EXERCISE BRIEF >> Among the entries below, only the lines from the one with "重汽豪沃G5X14方綠化噴灑" through the one with "Badeværelse 1 = bruser/WC/sauna." are to be retyped, exactly and without pictures.

§

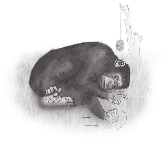 被圈养的黑猩猩瓦休在睡梦中用ASL手势“说话”。在这里,它做“咖啡”这个词的ASL手势,包括用右手做拈物状,用左手做“C”字形,当两只手都从胸部向天花板移动时,前者还绕着后者转圈|图源:《动物会做梦吗》
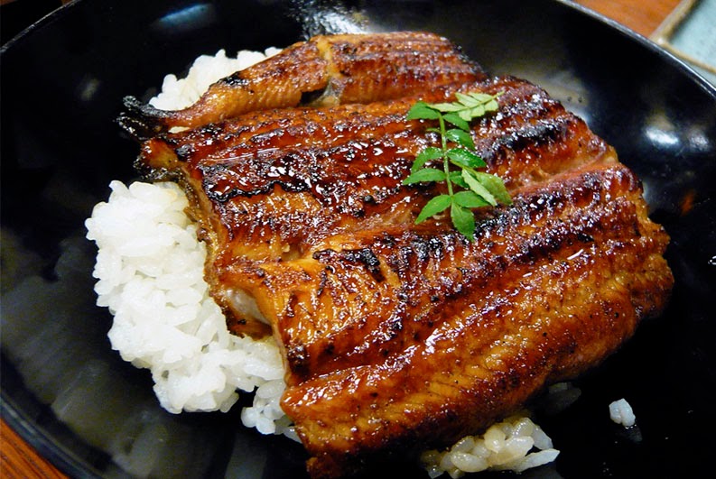4. Sirve el arroz caliente en cuatro cuencos grandes. Vierte la salsa kabayaki sobre el arroz. Pon trozos de anguila caliente encima. Vierte más salsa kabayaki sobre la anguila.
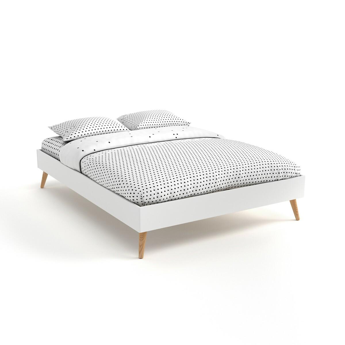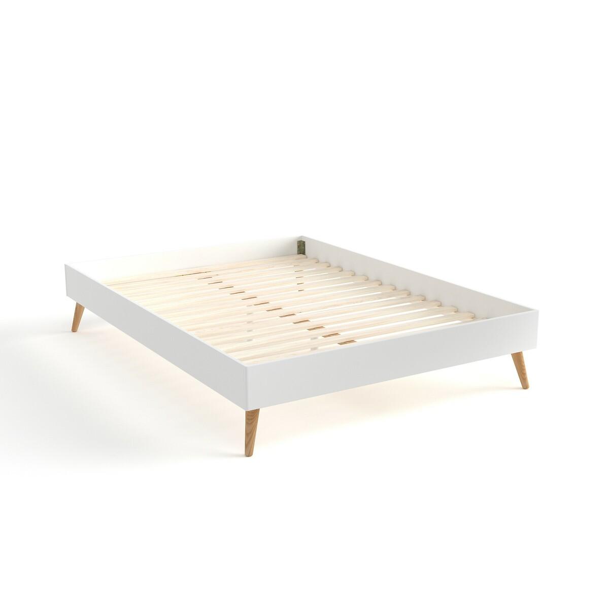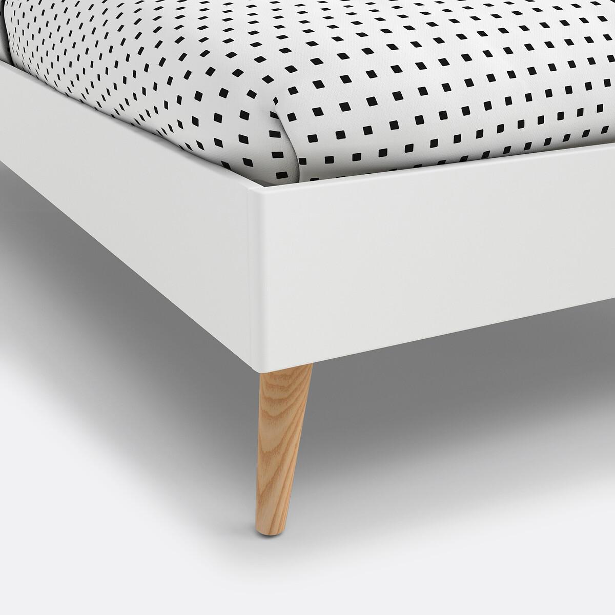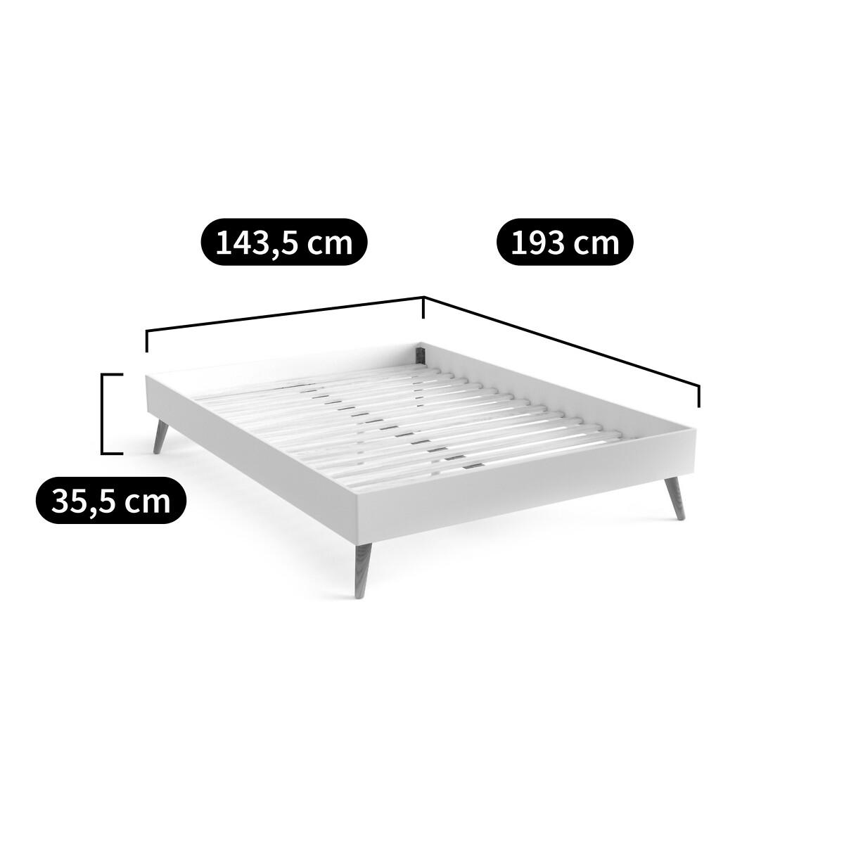 The Jimi bed. Its sleek and modern style matches all interiors.. Designed by La Redoute Intérieurs. Product Details • Lacquered MDF with acrylic finish (water-based paint without solvent) • Tapered legs in solid rubberwood with acrylic varnish finish • Central bar and reinforcing feet in raw solid pine • Integrated plywood slatted base • To move your bed, we advise you to lift it and not push or pull it. Dimensions Overall Size 140 (Double) • Width: 143.8cm • Height: 35.6cm • Length: 193.6cm • Height available under the bed: 18.6cm • Weight: 37kg. Size 160 (King) • Width: 163.8cm • Height: 35.7cm • Length: 203.6cm • Height available under the bed: 18.6cm • Weight: 41kg • Assembly required. • WOOD FROM MORE SUSTAINABLY MANAGED FORESTS AND CONTROLLED SOURCES. FSC® Mix wood contains at least 70% FSC® certified and/or recycled wood, the remainder being FSC® controlled wood. Dimensions and weight of parcel:1 parcel. Double SizeL20. 0 x D54 x H9.6cm, 40kg. King SizeL21. 6 x D54 x H9.6cm, 45kg
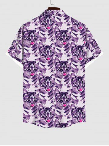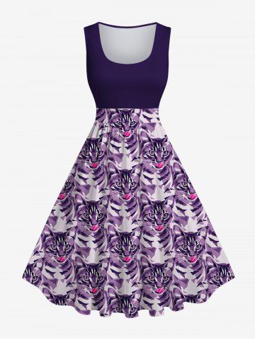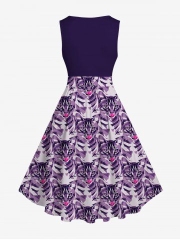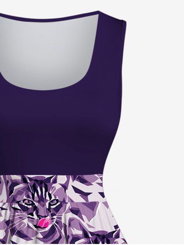 Cat Colorblock Print Plus Size Matching Set For Couples - Purple
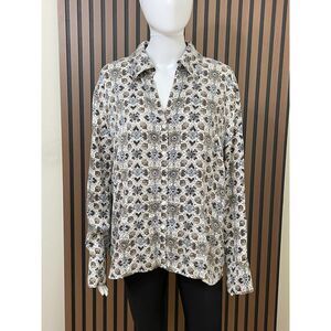 I.E. Women's 20 Brown Button-Up 100% Silk Shirt Floral Casual Chic Boho Work
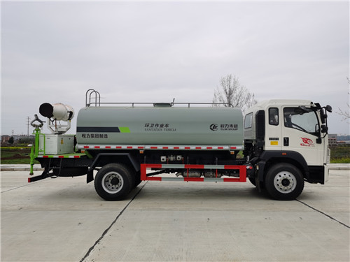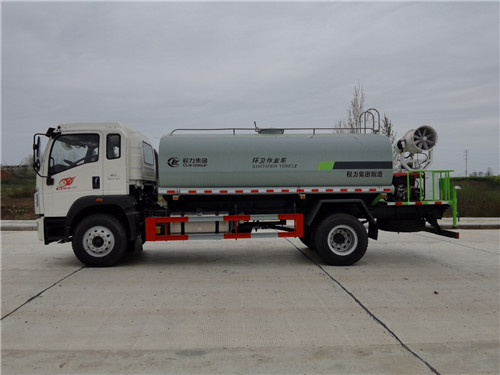 重汽豪沃G5X14方綠化噴灑車上裝配置:罐體容積14方,天億/龍王/億豐60-90水泵,前沖,后灑,側噴,中聯軸承高炮,鍍鋅沖孔平臺,加粗管道,80濾網三通,304不銹鋼大通徑球閥,,消防出口,2根吸水管,尾部選裝30米霧炮機組。
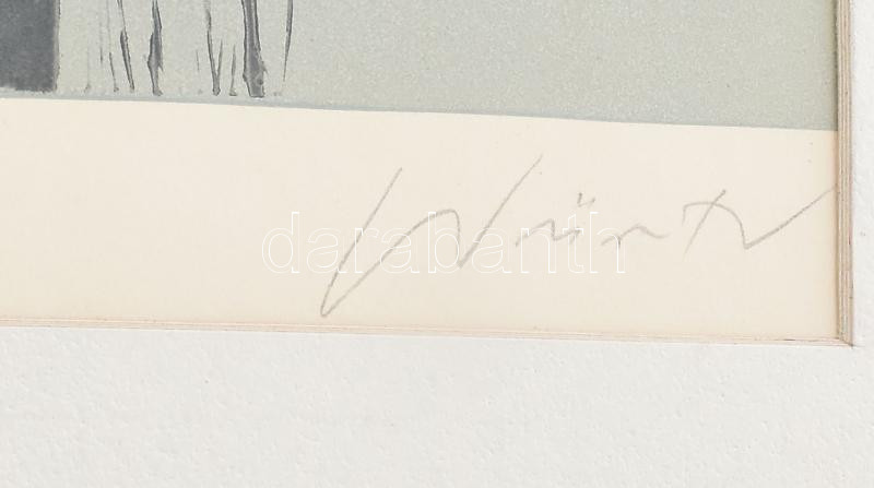 Leírás: Würtz Ádám (1927-1994): Űrhajósok. Színes linómetszet, papír, jelzett, próbanyomat, paszpartuban, 39,5×33 cm
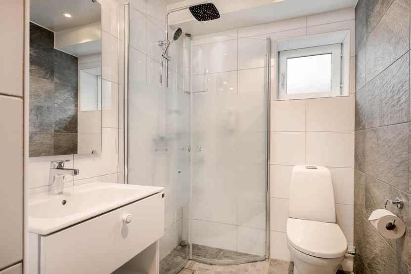 Badeværelse 1 = bruser/WC/sauna. Badeværelse 2 = bruser/WC.
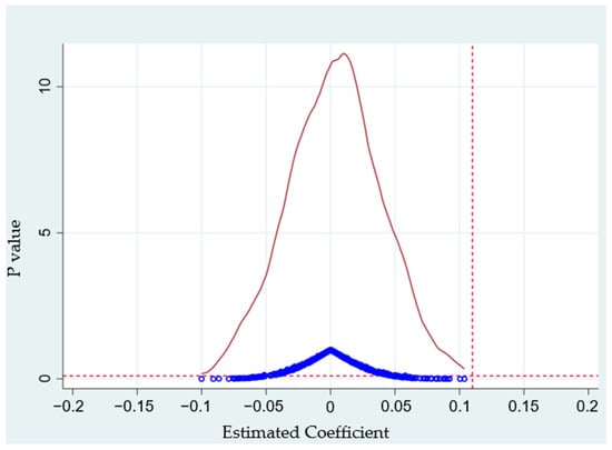 We conduct a placebo test in this paper to test the robustness of the model and examine whether the changes in the post-policy sample are due to other random factors besides the policy intervention. Since the policy periods in multi-period DID vary, we randomly generate a treatment group and randomly select a sample period for each sample object to obtain a pseudo-policy dummy variable. Based on this counterfactual sample, we conduct multi-period DID regression. Suppose the regression results for the estimated quantities remain significant under various fabricated scenarios. In that case, it suggests that the original estimates might be biased and that other policies or random factors could have influenced the changes in our dependent variable. We repeat this process 500 times, obtaining the coefficient estimation results of the random samples and drawing the kernel density distribution graph. The dotted line in the graph represents the estimated value of the DID coefficient mentioned above. As depicted in Figure 3, the true sample estimated coefficient, represented by the vertical dotted line, is significantly different from the mean of the kernel density distribution. This indicates a significant disparity between the estimated results of the random sample and the estimated results of the true sample, which means the placebo test is passed.

§

TASK RESULT >>
 重汽豪沃G5X14方綠化噴灑車上裝配置:罐體容積14方,天億/龍王/億豐60-90水泵,前沖,后灑,側噴,中聯軸承高炮,鍍鋅沖孔平臺,加粗管道,80濾網三通,304不銹鋼大通徑球閥,,消防出口,2根吸水管,尾部選裝30米霧炮機組。
 Leírás: Würtz Ádám (1927-1994): Űrhajósok. Színes linómetszet, papír, jelzett, próbanyomat, paszpartuban, 39,5×33 cm
 Badeværelse 1 = bruser/WC/sauna. Badeværelse 2 = bruser/WC.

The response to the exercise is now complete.